異世界に行く方法その35

 カコーンとボールが剛速球で飛び込んでくる。そして遅れてツィタニアはバットを振るう。当然空振り。



「ひぃいい速い!」

「まだ90キロや! 最終的には人外を越えた190キロに挑戦すんねんからな! ほら構えぇ! プレイボール!」

「えい! ふぁあああ!」



 自分の素振りの反動で倒れこむツィタニア。そんなツィタニアを見て宗麟は驚いた顔をする。

 ツィタニアが転んだ事ではない何かに驚く宗麟。



「精霊王サマ……」

「どうしました宗麟?」

「死ぬほど球技のセンスないな? 俺が星一徹やったら野球教えへんわ!」



 ツィタニアは今自分が何をしているのかも全く分からない。突然宗麟に連れられたツィタニアは電車に乗り、バッティングセンターへとやってきた。



「時に、宗麟。私は何をしているのでしょうか?」

「あ? バッティングセンターやねんから、バッティングやんけ! ダボか精霊王サマは?」



 ツィタニアは宗麟が買ってくる週間雑誌にも野球を題材にした漫画は何度か読んだ事がある。手に汗握るそれらにツィタニアも感動したものだ。



「いえ、これはある程度分かるのですが、何故私がこんな事をしているのでしょうか?」

「いや、昨日移動教室の時にな? 野球部の野村君が、全国に行ったら異世界なんだろーなとか、寝言ほざいとったから」

「酷いですね宗麟」

「で、ワシ等が異世界をクソ野球部に見せやろうと思ってな? 俺と精霊王サマが野球部の助っ人に入るっちゅー事や! クソ雑魚野球部は全国に、俺らは異世界に行けるっチュー算段や!」



 宗麟の言わんとしている事はある程度分かったのだが、自分ばかりこんな事をさせられているのが納得できない。

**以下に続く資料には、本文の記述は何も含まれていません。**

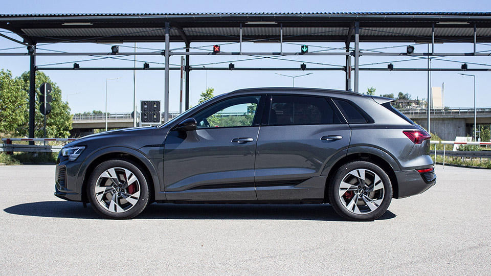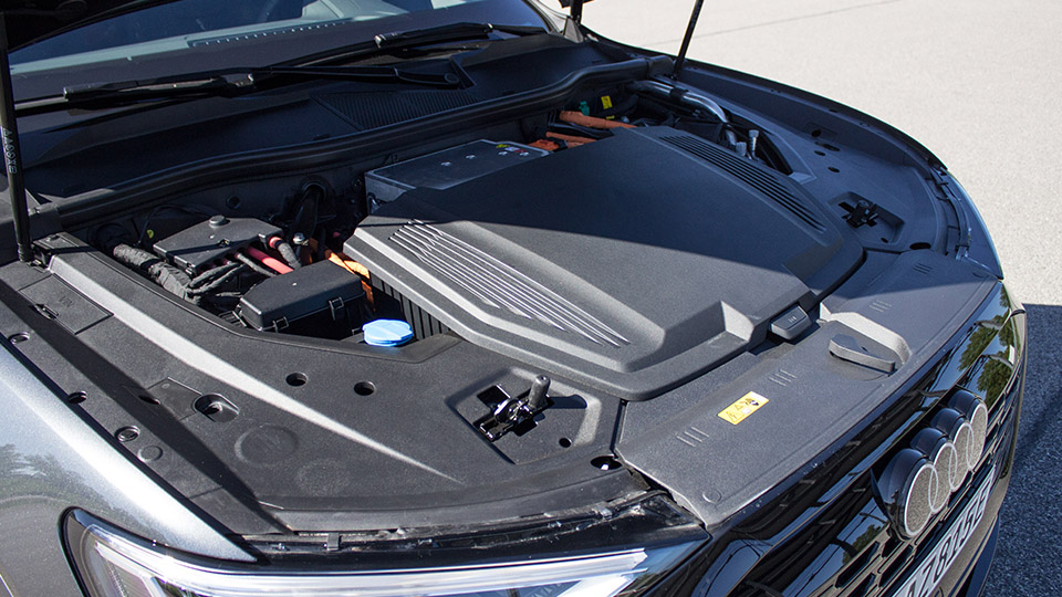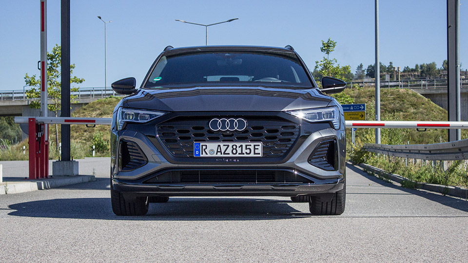 Unser 50 hat jedenfalls wirklich sportlich Power auf dem Pedal, die Landstraße macht Laune, das Luftfederfahrwerk ist Herr der Lage, auch wenn es holprig wird oder wir doch etwas flott durch die Kurven räubern. Die Q e-tron sind „Brocken“ und bringen ein Lebendgewicht von 2,6 bis 2,7 Tonnen mit. Dementsprechend werden auch massive Rad-Reifenkombinationen verbaut, denn Gewicht braucht Gummi, um genug Grip zu produzieren. Die Lenkung ist dabei präzise und die Überarbeitung der Vorderradaufhängung trägt absolut positiv zum Handling bei.
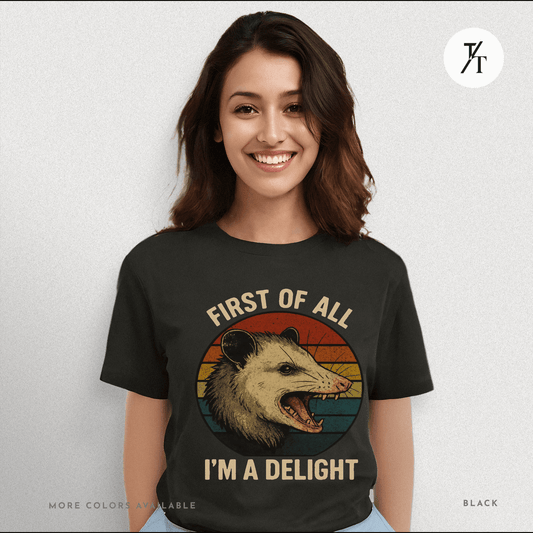 Snarky Funny "First of All I'm a Delight" Opossum Tee 🦝 - Hilarious Graphic T-shirt

「それなら宗麟はどうなのですかぁ! できるんですか?」

「は?」



 90キロ、100キロ、110キロそして。

 100マイル。150キロ。

 それらを宗麟は全てホームランと書かれた的に放り込んだ。それにはさすがのツィタニアも度肝を抜かれた。



「嘘でしょ……凄い!」

「リトルリーグ、世界大会優勝スラッガーの鳴宮宗麟と言えば、知る人ぞ知る伝説のバッターやで!俺についてくる覚悟はあるか?」



 何故かツィタニアは直立して答えてしまった。



「はい!」

「おーけー、精霊王サマ。世界狙わせたる」



 来る日も来る日も異世界という全国に行く為に二人は訓練した。泣き言を言いそうな時は宗麟が励まし、そして宗麟も納得するレベルの完成度を誇る選手となった。

 190キロ。



「止まって見えますよ宗麟!」



 場外ホームランに叩き込み、宗麟も無言で頷くとそのまま一欄台学園に戻り、野球部に向かった。



「俺達と異世界に行こう!」

「鳴宮君はいいけど、ツィタニアさんは無理だよ」



 それに激高するツィタニア。



「何故ですか! 私が女だからですか!」

「そうだよ!」

「横暴です! ねー? 宗麟、私はこんなゴミ野球部なんかより心身ともに最強ですよ!」



 ツィタニアは自分の味方であるハズの宗麟を見ると冷や汗を流していた。



「そう……りん?」

「すまん。女子が野球できるんわリトルまでやった……」



 女子で異世界に行こうと思うと、女子野球部に入らないとダメという事を宗麟はメモ帳に記載する。